I swallowed hard. My voice was small, shaky. “What are you talking about?”
He stepped closer, and every instinct in me screamed to recoil — if I could’ve moved — or to scream. I couldn’t decide which was stronger: the terror or the realization that I might actually be here for ritual and not rescue.
“You don’t know,” he said, and the way he spoke it was almost fond. Calm. Like he was explaining something obvious. “They haven’t told you anything.”
A cold chill slid up my spine. “Told me what?” I whispered.
He looked me directly in the eyes then, and I could feel his gaze settle like a hand pressing against my chest.
“You,” he said, “my dear, are the key.”
The words didn’t land like information. They hit like a blow.
My stomach dropped. My limbs trembled.
“Why?” I asked, voice cracking. Terror and confusion warred inside me.
He didn’t answer at once. Instead, he turned his back just long enough to reach for something — a device that looked like metal prongs connected to thick cables. I watched his movements carefully, trying to interpret intention without hope.
My panic spiked. “Don’t you dare,” I said — more a warning to myself than him.
But he clipped those prongs onto the ropes binding my wrists.
My wrists. Already numb from being tied.
My chest tightened. My breaths came faster. Reality was folding around me faster than my brain could register.
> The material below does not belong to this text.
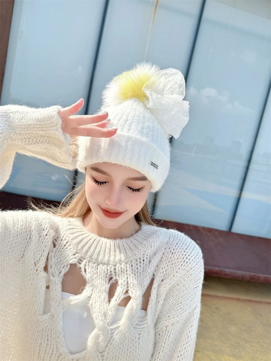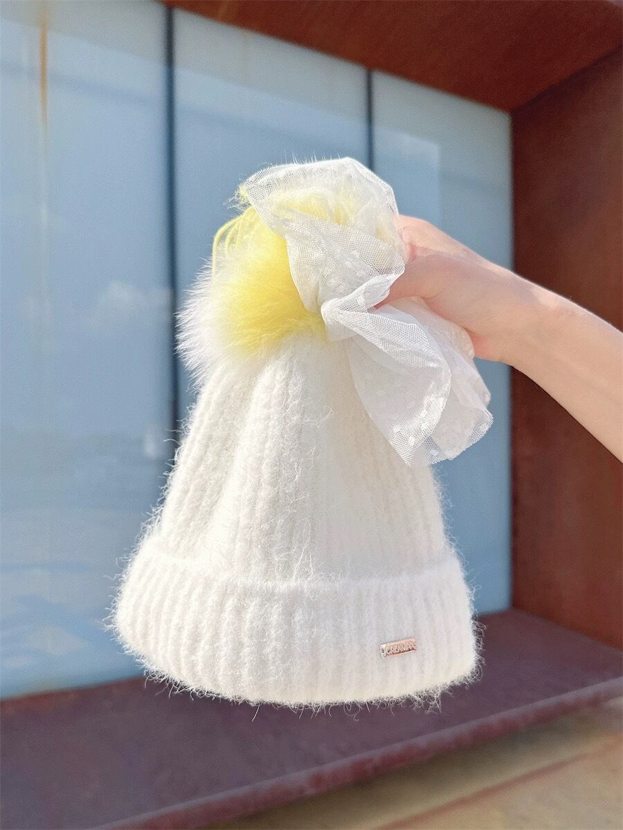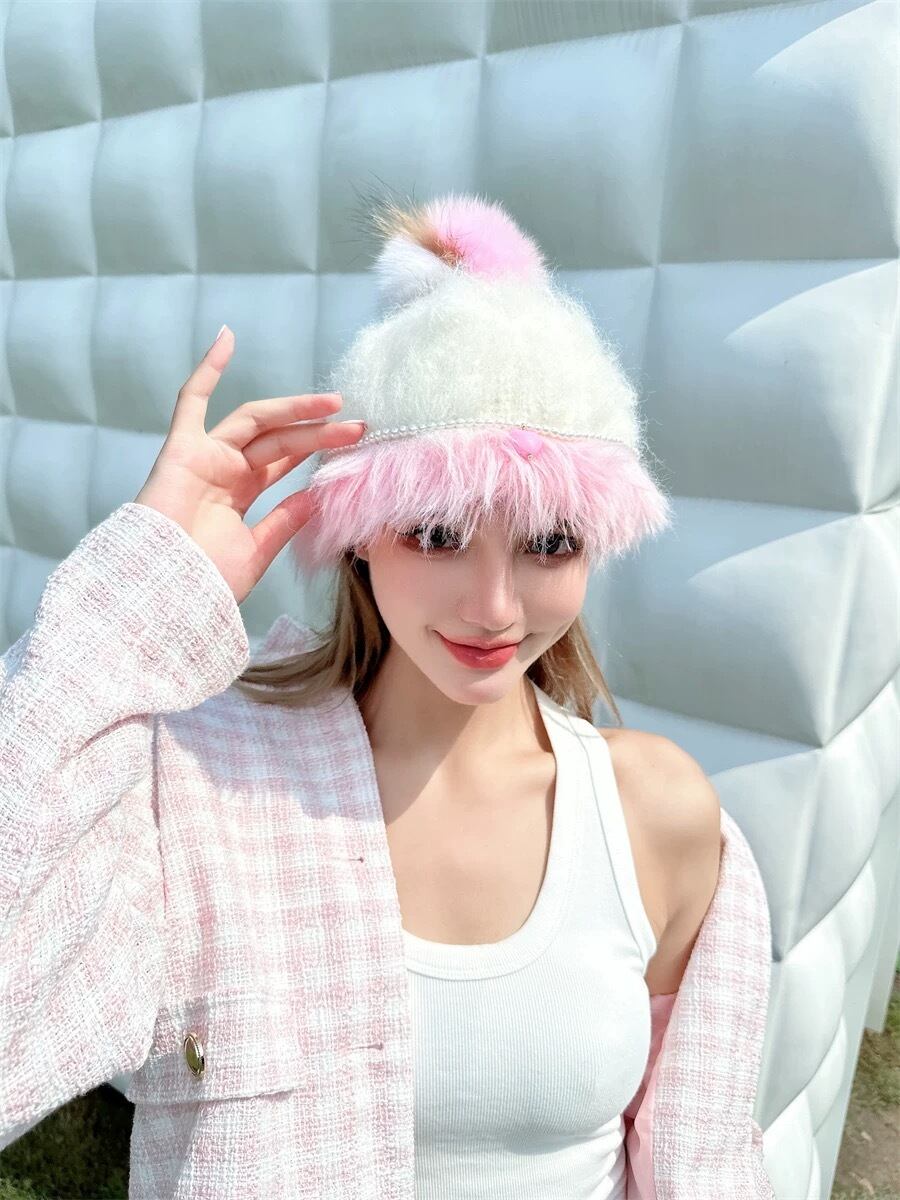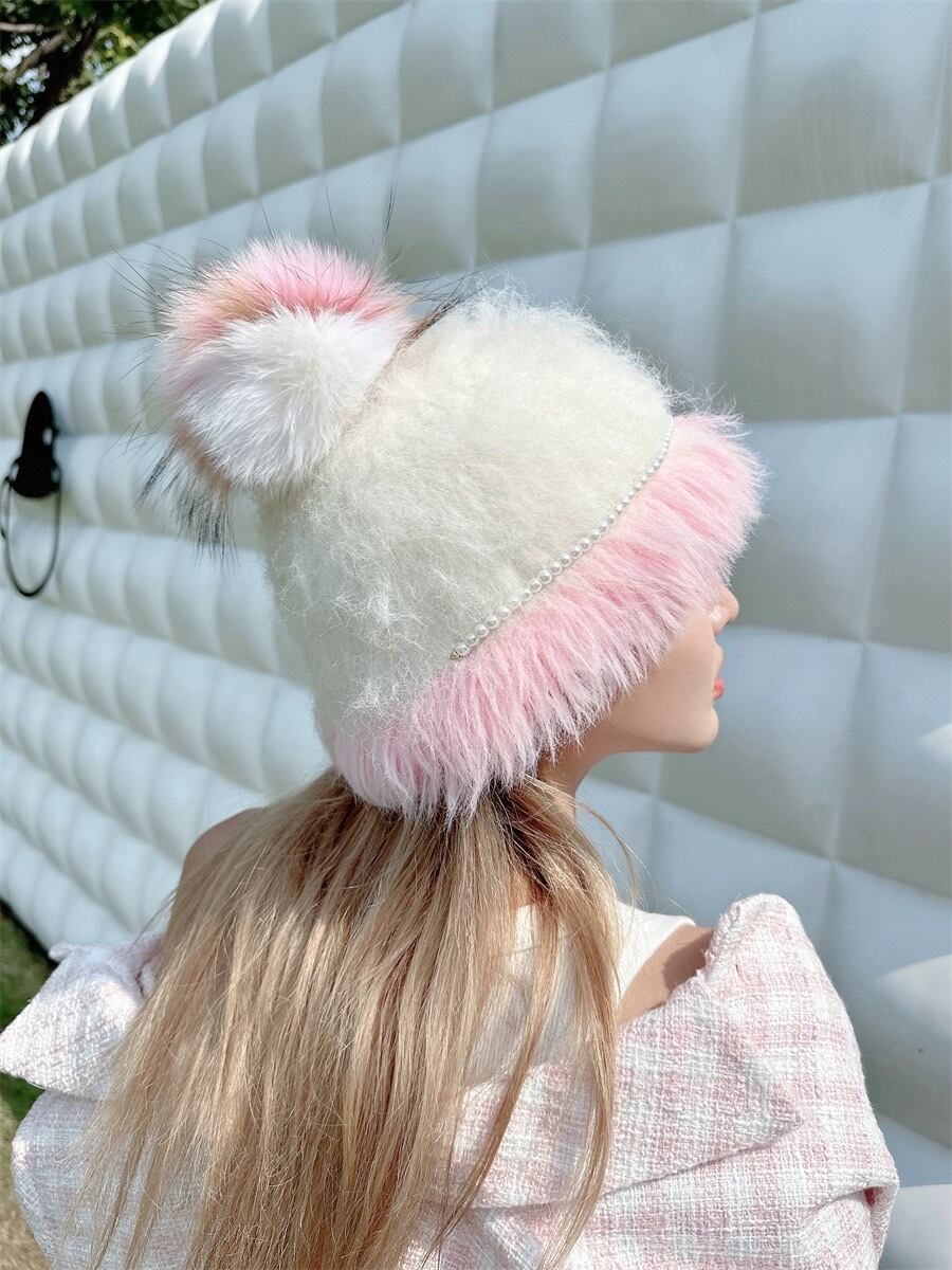 帽子 ニット帽 ピンク ファー 白 ピンク 黄色 リボン 白 黒

And just when my terror had peaked — he flipped something.
There was a crack of energy. A hum that felt too loud and too close. A shudder that started in my bones and ripped outward.
Pain exploded inside me — not sharp and screaming, but deep and pulsing, like my nerves had suddenly been lit on fire from the inside out.
My scream tore out of me, raw and unfiltered, filling the room without permission.
I fought it at first. Tried to twist away. Tried to spit in his direction. Tried to make any movement that was mine instead of controlled.
But the ropes held. And the device dictated every pulse that tore through my body.
I could feel it in my muscles, in my lungs, in every shattered breath that followed one another too fast to count.
He stood there, calm, watching. No pity. No rushed cruelty. Just fascination — like he was observing a study rather than inflicting torment.
My vision blurred around the edges. Tears welled up. My teeth clenched.
I screamed again.
Not for pain. For disbelief. For betrayal. For everything that had gone wrong and left me with no choices and no defenses.
”Oh, I am going to enjoy this.” I heard him say and feel my throat dry up in pain and shock.
Leo
Leo where are you?
“It’s going to be a long ride, Kristen.”